Hi people,
So I started to watch a video from 日本語の森 on youtube and since its fully in Japanese and im not quite at that level yet, I turn on the subtitles and they are by default in English. Then I realize that when I read the sentences in English and listen to the sentence in Japanese, my brain looks for the words that I need and I recognize the words and its easier (but still a challenge) to follow the dialog.
Reading English subtitles on a Japanese video wont train my listening skills, but I wonder if finding all the words and phrasing from the English subtitles into the spoken Japanese by slowing down the video a little, would be a good way to train my listening skills or if its a bad idea and it does not train my brain at all.
6 comments
Only if the translators were sticklers for absolute direct translation.
But try it and let us know how it goes.
Personally, the only 2 uses I see for subtitles are (1) familiarizing oneself with stock phrases, and (2) seeing how the translators handle words that don’t quite exist in English, and/or whose translation depends on context (e.g. 困る, 対応する, ちゃんと, 勝手, 都合, 具合, 程度). They (usually) give some insight into how they’re meant to be taken or interpreted.
Try it if you insist, but I’m willing to bet you’ll be asking how to stop trying to translate every little thing in your head not too long after this if you do.
If you were going to try and piece things together from English translations, you’d be better off trying to understand unknown vocabulary and grammar using a dictionary and a grammar resource, and then rewatching the video.
Bite the bullet and try to increase your skills without relying on English subtitles as a crutch. At the very least, use Japanese subs. Too many factors make non-Japanese subs unhelpful for learning Japanese.

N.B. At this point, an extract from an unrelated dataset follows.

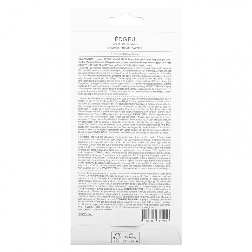 Как удалить: Нанесите несколько капель сыворотки для снятия макияжа по краям полосок. Дайте полоске впитаться в течение 30 секунд и с помощью палки для ногтей медленно снимите полоску с краев. Не снимайте кожуру с силой.

Exclusively Eng subs are minimally useful. Dual lang subs are really your best bet, imo. For example, Onomappu’s channel:
https://youtube.com/c/Onomappu
I find (good) English subtitles can be useful when trying to follow Japanese audio. Mostly I try to ignore the English, but inevitably something comes up and I start getting lost. The English subtitles can then get me back on track and the listening practice can continue.

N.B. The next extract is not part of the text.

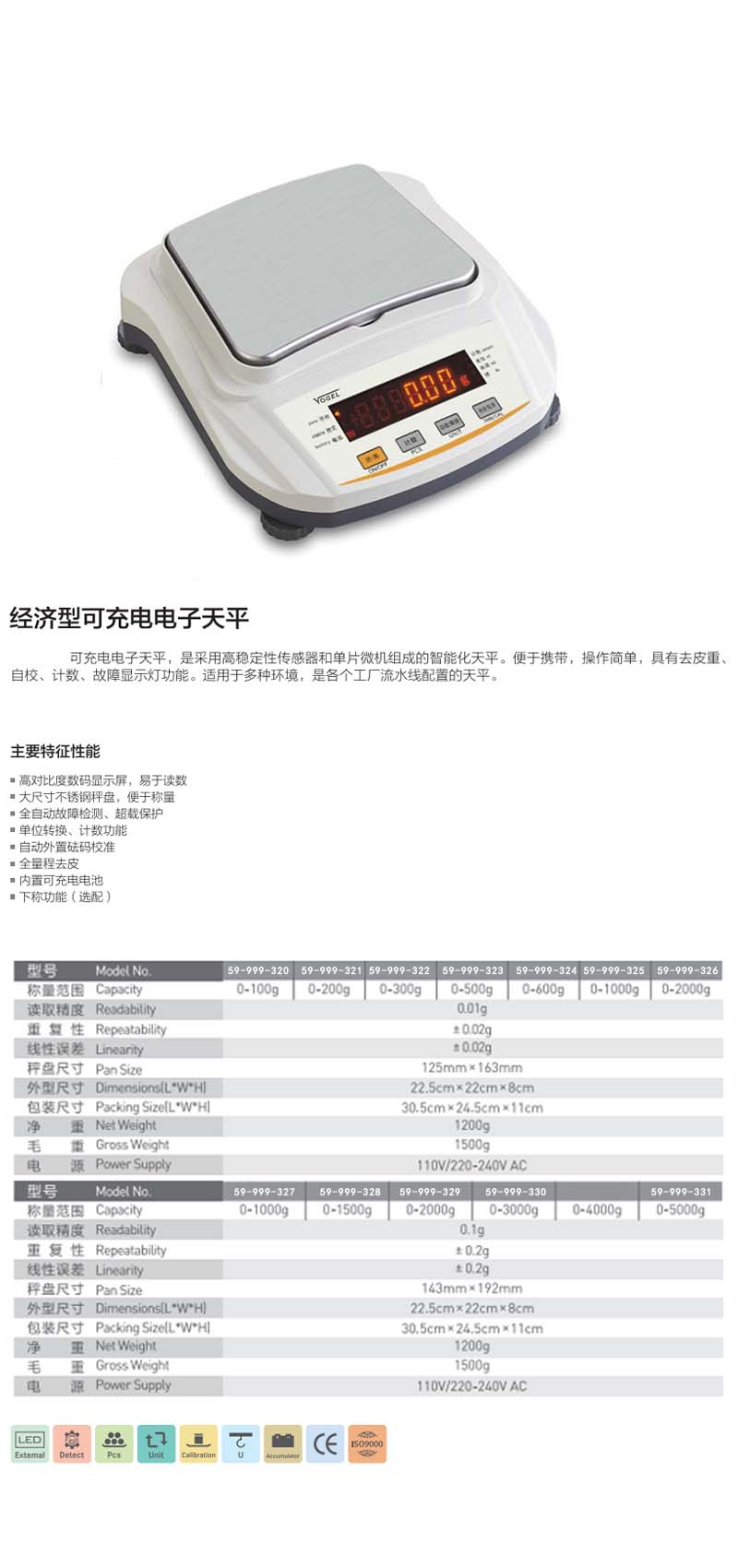 Vogel/沃戈耳 高清数显可充电电子天平 0.1g 0~3000g

You don’t want to try to match, word for word, English to Japanese though. Most of the time that simply wont work. Good English translations only semantically match the Japanese, and word to word mapping is not possible.
Mmm, I can share a story that might be relevant. I grew up in Singapore in the 1980s and 90s, before there was really much of an internet (ah the good old days of 56 kbps modems), let alone YouTube, Netflix, etc. And a lot of local TV programming was in Mandarin, and they were all subtitled in English (because 30% of residents weren’t ethnic Chinese).

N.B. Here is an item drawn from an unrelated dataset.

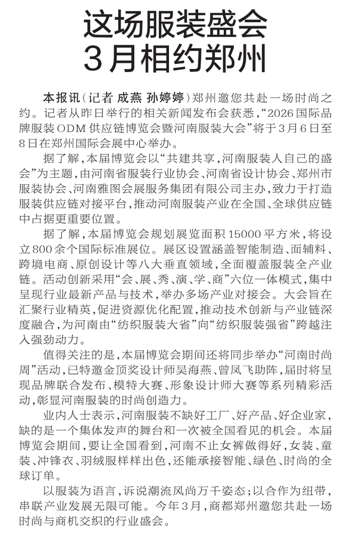 郑州邀您共赴一场时尚之约。记者从昨日举行的相关新闻发布会获悉,“2026国际品牌服装ODM供应链博览会暨河南服装大会”将于3月6日至8日在郑州国际会展中心举办。(今日《郑州日报》1版)

So I grew up just always watching Mandarin TV with English subtitles. Was it terrible? I don’t know. I’m fluent in both languages now, but I also studied both languages at school. My Mandarin literacy is poorer.
Another data point: I also watched English cartoons on Malaysian TV because we could receive them here, and all the subs were in Malay. And I have barely any Malay now. I didn’t study it in school too.
Because of growing up in this kind of very messy, very un-textbook-ish linguistic melting pot environment, I don’t set a lot of store by absolutist or strict learning methods. If you use a language and comprehend it, you slowly acquire it.
I had teachers with local accents all through my early schooling. When I went to university, it was the first time I had to understand all kinds of accented English (American was the easiest, Italian was okay, Chinese was hard surprisingly, and we had a UK prof I only understood near to the end of the semester). And now I can switch to an accent my friends say is “poseur” – because I acquired it for school/work (my BA was in English Language, and I became an English teacher right after).
So, I would say, (granted, there are always “better”, “more optimal”, methods) don’t worry about it, just learn from what you enjoy doing or happen to come across. I don’t think there are irreparable mistakes on a language learning journey. If there’s some aspect of your linguistic performance you want to fix later, you probably can, like I did.